J'ai dû m'évanouir lorsque j'ai eu pratiqué ce trou dans mon cuissot. Et ce, sans cesser de jacter pour donner le change, je te le fais remarquer !
Eh bien, ton Sana éblouissant, mon très cher frère, il emplâtre miss Siamoise avec un tel brio que la rombiasse pousse des gueulées d'orfraie. Elle déclare, à s'en fissurer les cordes vocales, les soufflets et la gargante, qu'elle n'a jamais joui d'une manière aussi forte. Mon dard (que j'appelle également « mon gros Frédéric ») est un épieu incandescent planté dans sa babasse. Sa moulasse est loin d'être du produit de tripier. C'est vachement flexible, brûlant, captateur. Préhensile, tiens, je cherchais. Kif une main ! Sûr qu'afler pareille ramonée, va falloir la mettre en hibernation, Coquinette ! Qu'elle refroidisse un brin après cette traversée de l'enfer. Elle serait en métal, elle fondrait !
L'emplâtrage cosaque la rend si bruyante que ses larbinuches se pointent, craignant un assassinat. J'ignore s'ils avaient vu tirer leur patronne auparavant, mais je peux te déclarer sous la foi du serment et le tiroir de la commode, qu'ils n'en reviennent pas. Faut dire que l'exercice de Mémé époustouflerait l'homme-tronc qui a gravi l'Everest l'an dernier !
Vient de se mettre à la califourche sur ma chopine, la darlinge. Les cuisses ouvertes à l'extrême. Elle a déchiré le haut de sa robe pour dégager ses bouées de signalisation marine. Divine surprise : comparés à ses flotteurs, ceux de M lleFerrari auraient l'air de deux blinis froids.
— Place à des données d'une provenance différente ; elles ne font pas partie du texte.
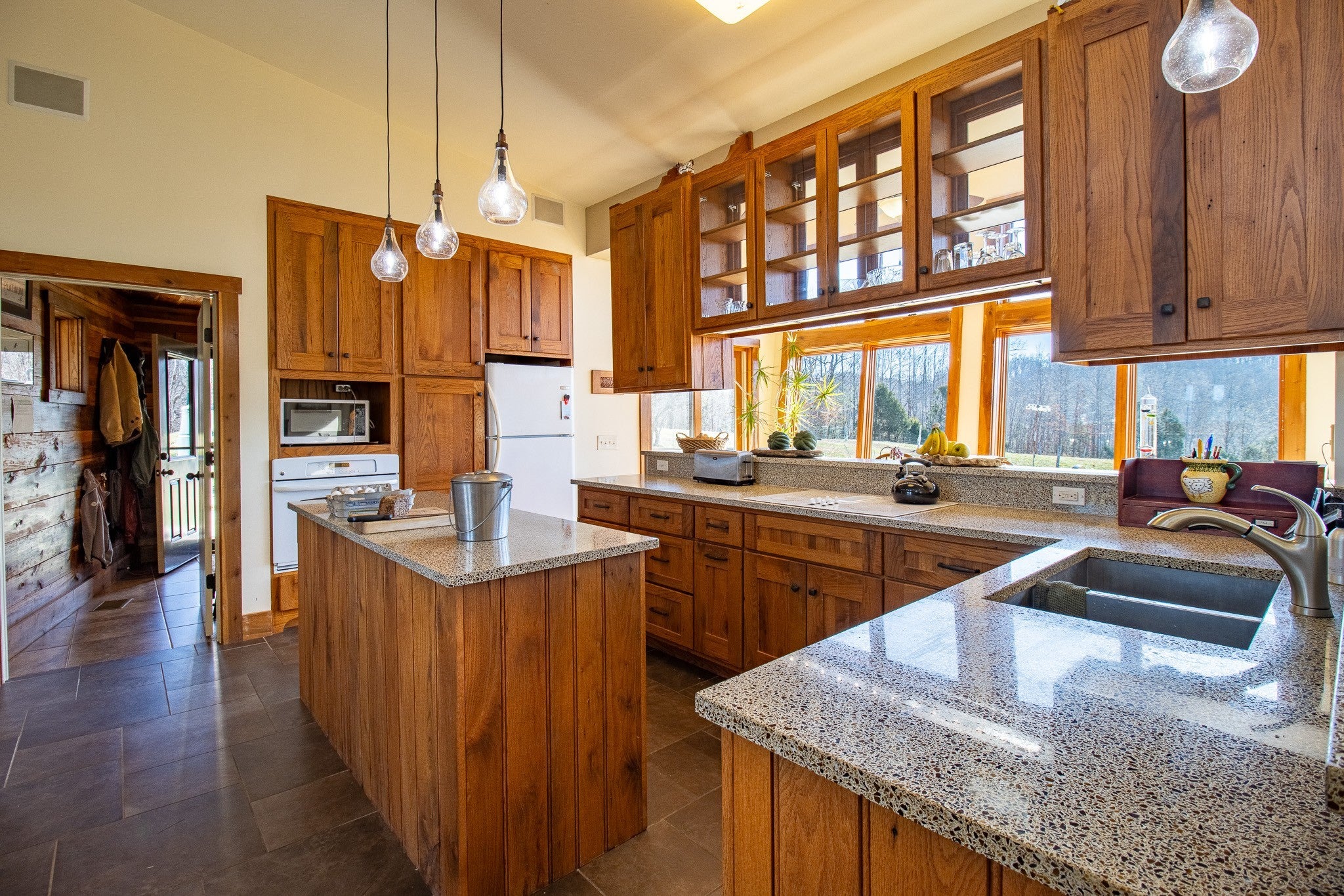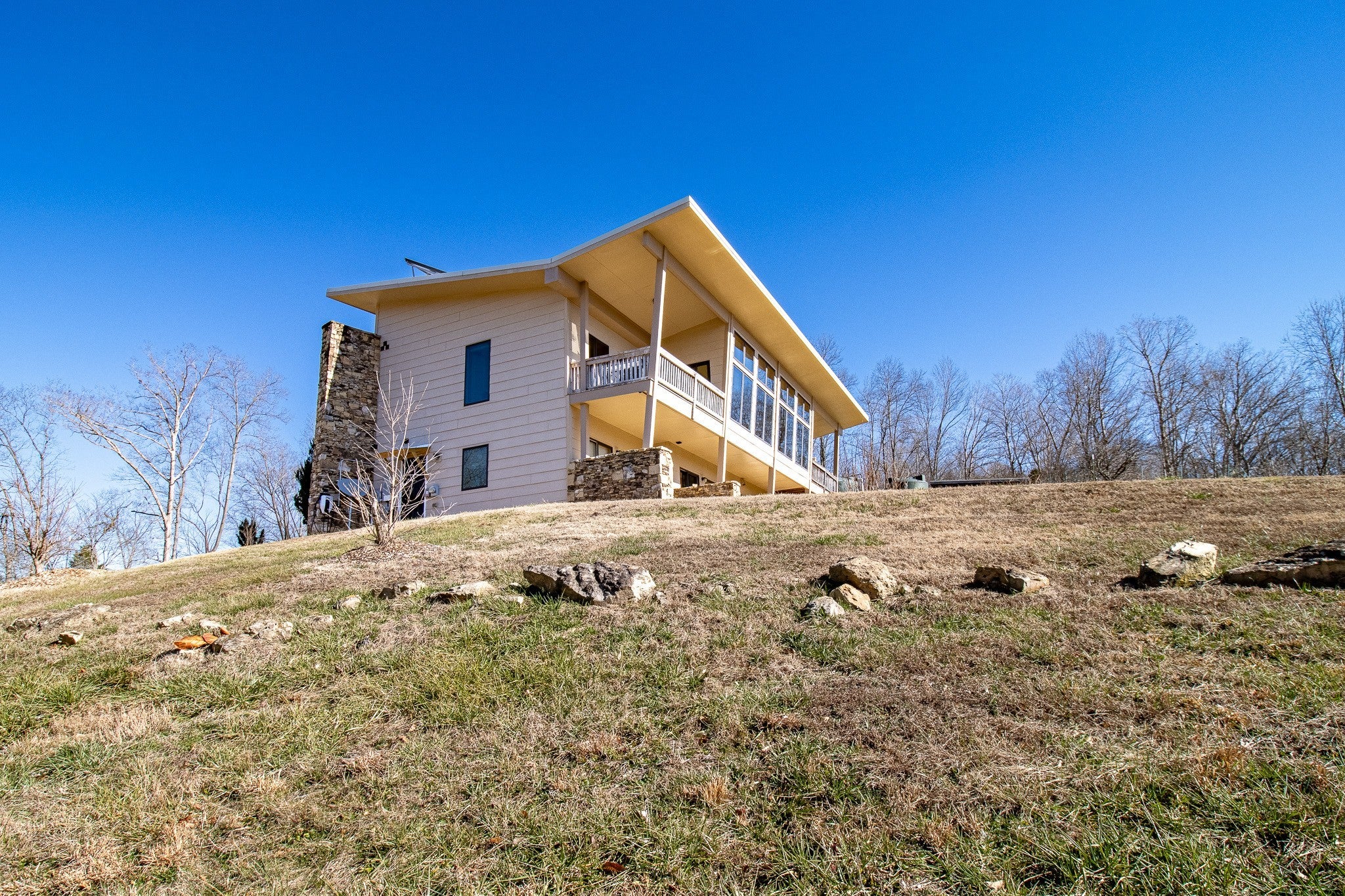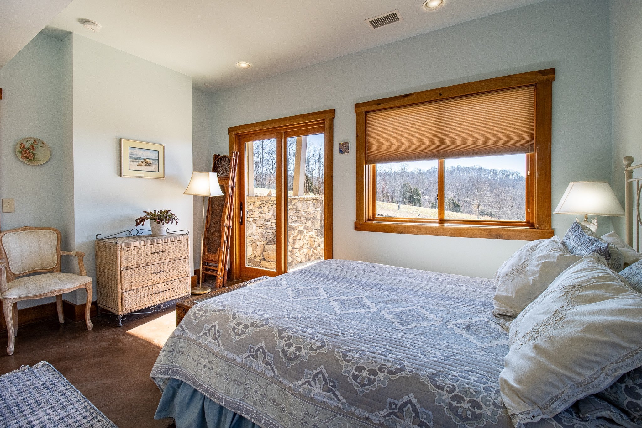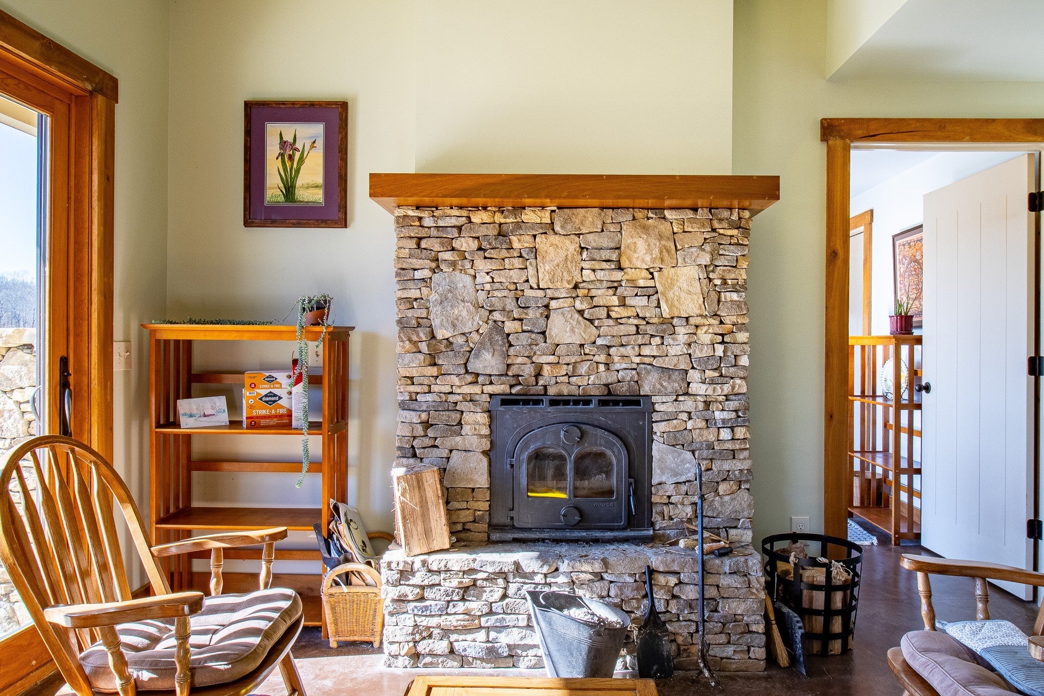 Grow Your Own Food. Produce Your Own Power. Live Exceptionally Well, Nestled in Nature. This LEED Platinum–certified home blends sustainability, craftsmanship, and agricultural abundance. Designed by Exoterra Architects and built by Ryan Nichols with Green Home, it exemplifies stewardship focusing on resource efficiency, resilience, and cultivates an intimate connection with the land. The main level features a vaulted ceiling, open floor plan, and expansive views of rolling hills and pasture. The primary suite on the main level offers dual vanities, tiled walk-in shower, and a south-facing porch overlooking dry-stacked stone terraces and gardens. Constructed with reclaimed materials throughout, the home showcases custom oak kitchen cabinetry, oak flooring and recycled glass countertops. The lower level opens to grade and includes a sitting room with a Morso wood-burning stove, laundry room, ~300sf built-in root cellar (could easily be converted to a 3rd bedroom), full bath, and second bedroom with walk-out patio. Exterior finishes include locally harvested fieldstone and Nichiha siding. This home works WITH nature and resource resilience is built in with solar array, geothermal HVAC system, three EV charging stations, Ford home integration system (use a compatible Ford truck as backup power), passive solar design that captures winter sun and stays shaded in summer, rainwater harvesting system and energy star appliances. A rare highlight is the mature blueberry grove, producing hundreds of pounds annually. The property also features a 5-year-old chestnut orchard with 25 trees, fenced fields, muscadine grape vines, and established gardens—ideal for farm-to-table living. A 20' x 40' two-bay farm shed with an enclosed shipping container provides excellent storage or workshop space. See 3D tour. Listing agent can meet for a guided tour of the home and land with advanced scheduling.

Tu croives que c'est à la violence de son excitation qu'on doit d'aussi extravagantes protubérances, Hortense ?
Pardonne-moi de ne pas pousser plus avant mon descriptif salace, mais il risquerait de choquer les gens huppés qui me lisent, telle Son Altesse la princesse Pilar, sœur du roi d'Espagne, en compagnie de laquelle j'ai eu le privilège de dîner récemment.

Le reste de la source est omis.